In this piece, performance artist and writer Guillermo Gómez-Peña articulates a passionate defense of "undocumented" immigrants, post-national identity, and a multiracial USA. This text-in-progress is part of the borderless movement of citizen journalism circulating in cyberspace.

I

In October 2006, King George signed a bill authorizing the construction of an additional "border security" wall spanning one-third of the US-Mexican border. The plan was to build a concrete wall replete with floodlights, surveillance cameras, and motion detectors. On the front-page photo of Mexico's daily La Jornada, George W. and a group of opportunistic governors and politicos from the southwestern states stand posed before a postcard-perfect Arizona landscape. The President sat at a table signing the bill, his sycophantic groupies fanned about him, gawking and gaping like backstage groupies. It was pure performance art for electoral purposes. The photo was published throughout Latin America and caused general outrage.

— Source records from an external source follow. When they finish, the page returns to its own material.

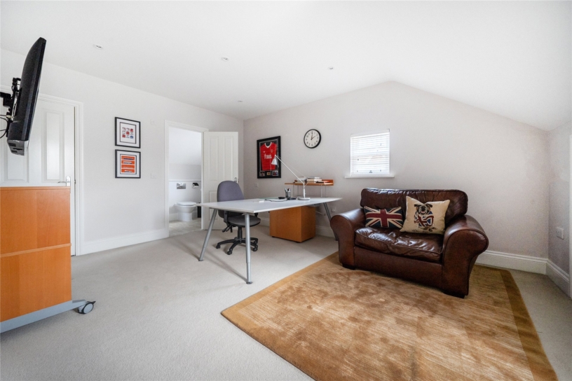 The property was built in 2011 and has had the same owner since new. The 2,169 sq. ft. of accommodation is enhanced by high ceilings, creating a feeling of space. The entrance porch leads into the dining/family room and kitchen which forms the central hub to the house. A door from the dining/family room opens to an inner hall which has stairs to the first floor with understairs storage and a door into the utility room which has plumbing for a washer/dryer and a fridge, access to the cloakroom, and a door to the side. Double doors from the hall lead into the over 20 ft. sitting room which has hardwood flooring and double doors to the rear garden. The first floor landing provides access to three bedrooms and a four piece family bathroom. The principal bedroom has an en suite shower room and all of the bedrooms have fitted wardrobes. The second floor has a further bedroom which is currently used as a home office. It has a walk-in wardrobe, eaves storage and an en suite shower room.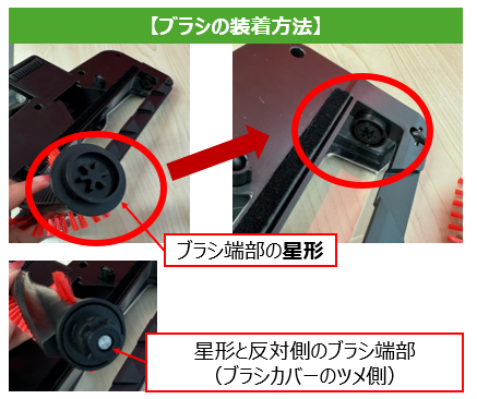 ①ブラシ端部の星形になっている側をパワーヘッドのブラシ軸受けに差し込みます。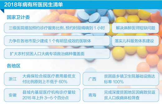 在地方,河南所有二级公立医院和政府办基层医疗卫生机构将全部参与医联体建设,安徽医共体建设要实现全覆盖;北京、江苏、黑龙江将实施统一的城乡居民医保制度;青海将完成深度贫困地区因病致贫返贫人口疾病体检筛查……实现“病有所医”关系千家万户,目前,多省份正陆续出台惠民政策,缓解看病难、看病贵问题。(记者 白剑峰)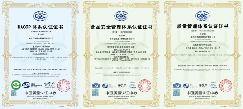 小小的我,本着“一切逃求高质量、高质量、用户对劲为旨”的,以“殷勤的办事、靠得住的产质量量”为准绳,确保食物平安的奉行。目前,德源农林曾经成功通过ISO9001质量办理系统认证、ISO22000食物平安办理系统、HACCP风险阐发取环节节制点系统认证。

I asked myself: "Who is going to build that pinche wall—undocumented migrants hired by Halliburton?"1

A month later, Congress approved the proposal—the same week they squashed habeas corpus. Una mera coincidencia?

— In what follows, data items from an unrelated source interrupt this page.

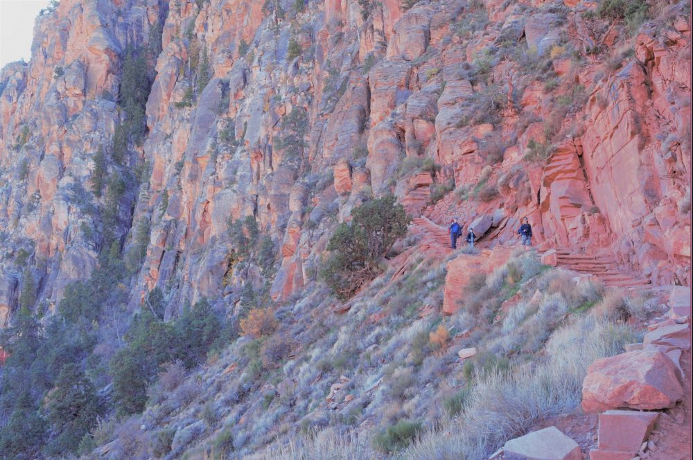 每次去大峡谷都觉得玩的不尽兴。如此独特的自然景观只能在上面看一看,感觉是一种遗憾。1992年那次去大峡谷时,试图徒步走到峡谷的下面看看。没想到由于没有事先准备走到半路弹尽粮绝便无功而返。随着年龄渐老,想徒步到峡谷下面去一趟,想从不同的角度欣赏大峡谷的想法也显得更加急迫。前几天一直在关注谷底住宿的SJ通知说PhantonRanch临时有了空床位,我们立即决[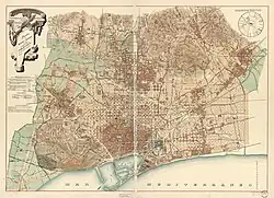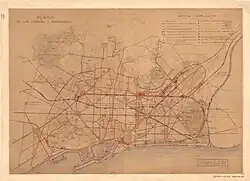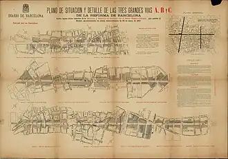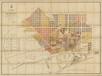 During this century, the municipal ordinances that began with the Edicto de obrería (Workmen's Edict) were consolidated: in 1814, the Pregón de policía urbana (Proclamation of Urban Police) established in 84 articles all the provisions on civil building, maintenance of public spaces and various regulations on security and public order. In 1839, the Bando general de buen gobierno (General Good Governance Charter) renewed and expanded these provisions and, among other things, regulated the relationship between the width of streets and the height of buildings. On the other hand, the law of 8 January 1845 established the City Council's own attributions in various aspects such as urban planning, regulating the sanitary conditions of public spaces, as well as the conditioning of streets, squares and markets.[80] In 1856 the first Ordenanzas Municipales (Municipal Ordinances) were approved, which brought together and expanded previous provisions, within an urban code that contemplated for the first time all aspects of civic and institutional relations in the city. For the first time, building permits were required to include an interior layout plan. These ordinances soon became obsolete due to the new Eixample plan, until in 1891 new ones were drawn up that took into account the new specificities of the expansion and new links in the city. Among other things, the area of occupation of the plots was increased from 50% —established in the Cerdà Plan of 1859— to 70%.[81]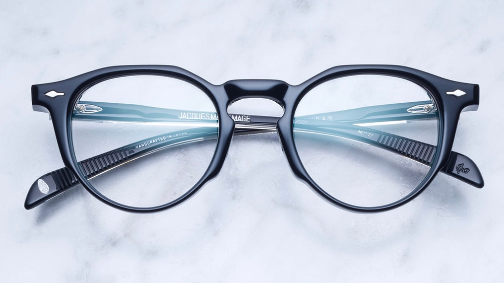 This is a sophisticated pair of Jacques Marie Mage eyeglasses featuring a bold round silhouette with a vintage-inspired design. The frame exhibits a premium matte black finish with a substantial acetate construction that speaks to luxury craftsmanship. The glasses feature distinctive diamond-shaped rivets on the front corners, characteristic of the brands attention to detail. The temple arms are sleek and streamlined, complementing the substantial front frame while maintaining elegance. The overall aesthetic is both classic and contemporary, suitable for the fashion-forward individual seeking a statement piece with timeless appeal.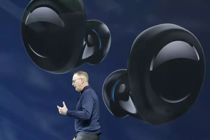 Dave Limp, senior vice president for Amazon devices & services, talks about Echo Buds, the tech company's new wireless earbuds product, Wednesday, Sept. 25, 2019, at an event in Seattle. (AP PhotoTed S. Warren)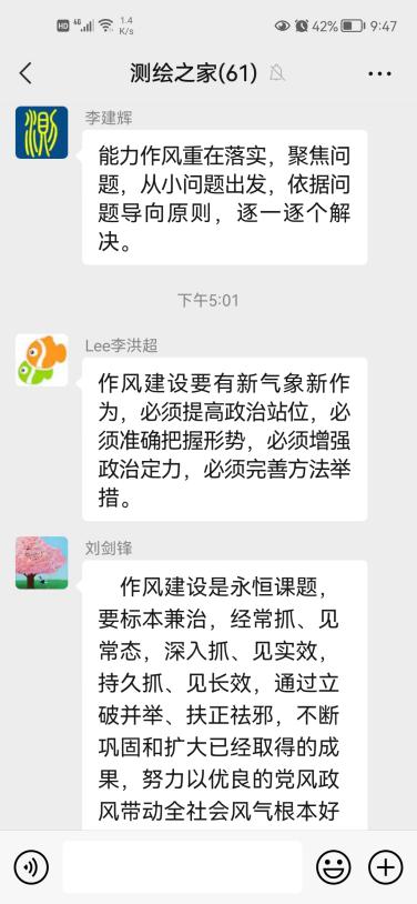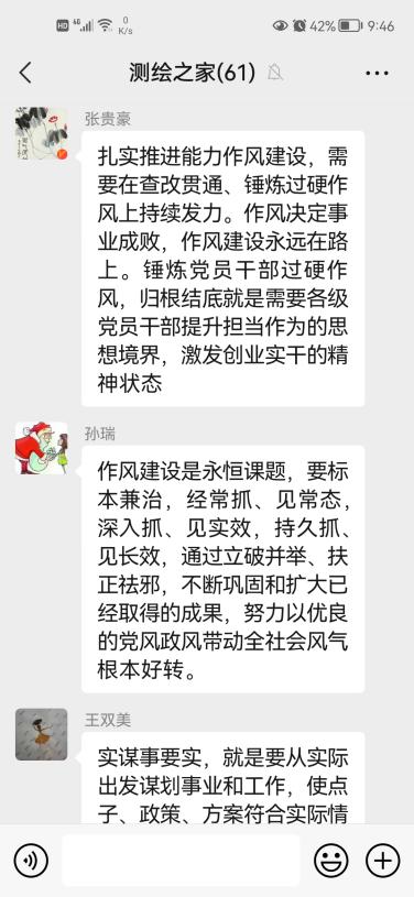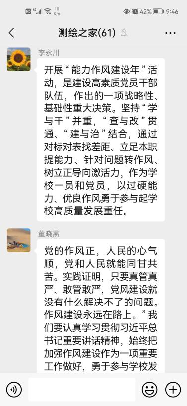 学习完毕,李孝雁、党争、陈慧、孔令惠四位教师做了现场发言,从本职工作出发,结合当前国内外形势和我院的实际情况,分享了自己对于作风建设的理解和学习感悟。其余教职工也纷纷在微信群中分享了学习体会。

Outside this country of the US everyone asks: "Why does the US need more walls and more isolationistic politics? Aren't they isolated enough already?" But within our borders Washington incessantly chants: "National security! Homeland security!" More walls, laws, and border patrols!

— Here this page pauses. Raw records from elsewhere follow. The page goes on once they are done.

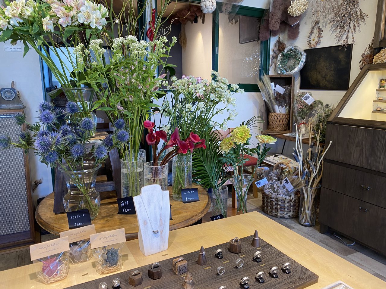「muku handmade HAKODATE」では、ハンドメイドアクセサリーと一緒に色鮮やかな花が陳列され、プレゼントに購入した品に花を一輪添えるお客様もいるという。なんだか粋で素敵ですよね。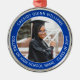 Congratulations to the graduate! Commemorate graduation day with a custom photo royal blue and white premium metal round Christmas ornament. The picture and all text on this template are simple to customise. Include any favourite inspirational quote, motivational saying, school name and degree, congratulations, thanks mum and dad, or other message of your choice. The design features a modern royal blue and white border, personalised elegant typography name, school, & class year in a circle, and one photo of the graduate, such as a senior picture or image from the commencement ceremony. Makes a thoughtful keepsake graduation gift idea. Use as party favours or decorations for a stylish addition to your special day celebration.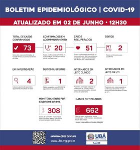 Ubá registra 70 casos confirmados e 2 óbitos por covid-19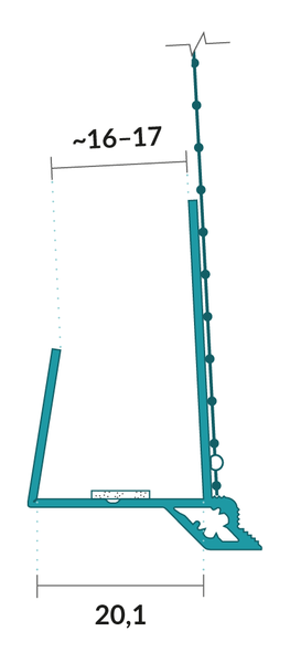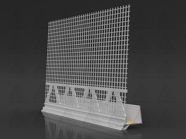 APU clip-on pvc profile W80-2020 for plaster-based boards with drip edge and mesh is used horizontally in thermal insulation composite systems, e.g. for plaster connections on roller shutter/venetian blind boxes. The cranked profile contour offers a safe solution for water flow downwards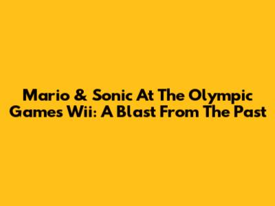 Mario & Sonic At The Olympic Games Wii: A Blast From The Past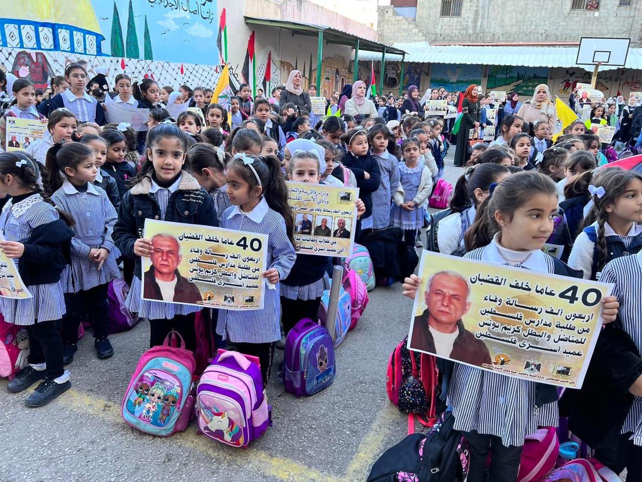 جانب من اطلاق تربية قلقيلية و نادي الأسير الفلسطيني؛ حملة رسائل الوفاء للأسير كريم يونس؛ والذي قضى ٤٠ عاما في الأسر؛ وعلى موعد مع الحرية خلال الأيام القادمة. بحضور مدير التربيه والتعليم ومدير نادي الاسير ومنسقة الشبيبه الفتحاويه ، وذلك في مدرسة بنات الخنساء الأساسية؛ حيث شاركت طالبات المدرسة بكتابة رسائل الوفاء للأسير يونس؛ كما تضمنت الحملة كلمات للتعريف بالأسير يونس؛ وفعاليات تضامنية مع أسرى الحرية في سجون الاحتلال.

The master narrative of US national security (as written by the neocons in collaboration with the mainstream media) reads: "Muslim radicals are out to get 'us'; 'illegal aliens' are out to take 'our' jobs. We, victims of the wrath of history, are merely innocent bystanders. Our only crime is our belief in freedom and democracy." This strategic deployment of the rhetoric of victimization and of heroism and of moral panic clearly justifies both the tightening of our [End Page 196] borders and the militarization of our international policies.

II

This is the new brand of immigration hysteria: bigger, better, whiter.

As the years have passed and the US has nurtured its citizens' convalescence from post 9/11 shock, nativist newscasters, opportunistic politicians, right-wing think-tanks (FAIR), and citizen groups continue to portray Latino immigrants as the source of all our social and cultural ills and of our financial tribulations— even, at times, as distant relatives of Arab extremists.

Since 9/11, the semiotic territory encompassed by the word "terrorist" has expanded considerably. First it referred strictly to Al Qaeda and the Taliban, then to Muslim "fundamentalists," eventually it engulfed all Muslims, and then finally all Arabs and Arab-looking people. In 2003, when a Palestinian friend told me: "We (Arabs) are the new Mexicans, and by extension you are all Arabs," I realized how easily the demon mythologies of the brown body transfer from race to race, from country to country. Memories, like attention spans, are short and mutable. Color, like disease, is contagious…

Former Attorney General John Ashcroft forged the missing link between the War on Terror and Latin America. During his reign a Puerto Rican Muslim named Padilla was detained as he returned to the US from a "suspicious" visit to Pakistan. On several other occasions Mexican migrants were detained for an indefinite period of time without explanation or legal counsel. Their crimes? One of them wore a tattoo with the image of Bin Laden. Another one, a Mexican ice cream vendor, was seized while videotaping a government building in Fresno. He wanted to send a tape to his family back home "to show them the beautiful buildings of his host city." These cases are heartbreaking and reveal a frightening political reality: the scattershot US War on Terror has definite second front line, the US-Mexico border.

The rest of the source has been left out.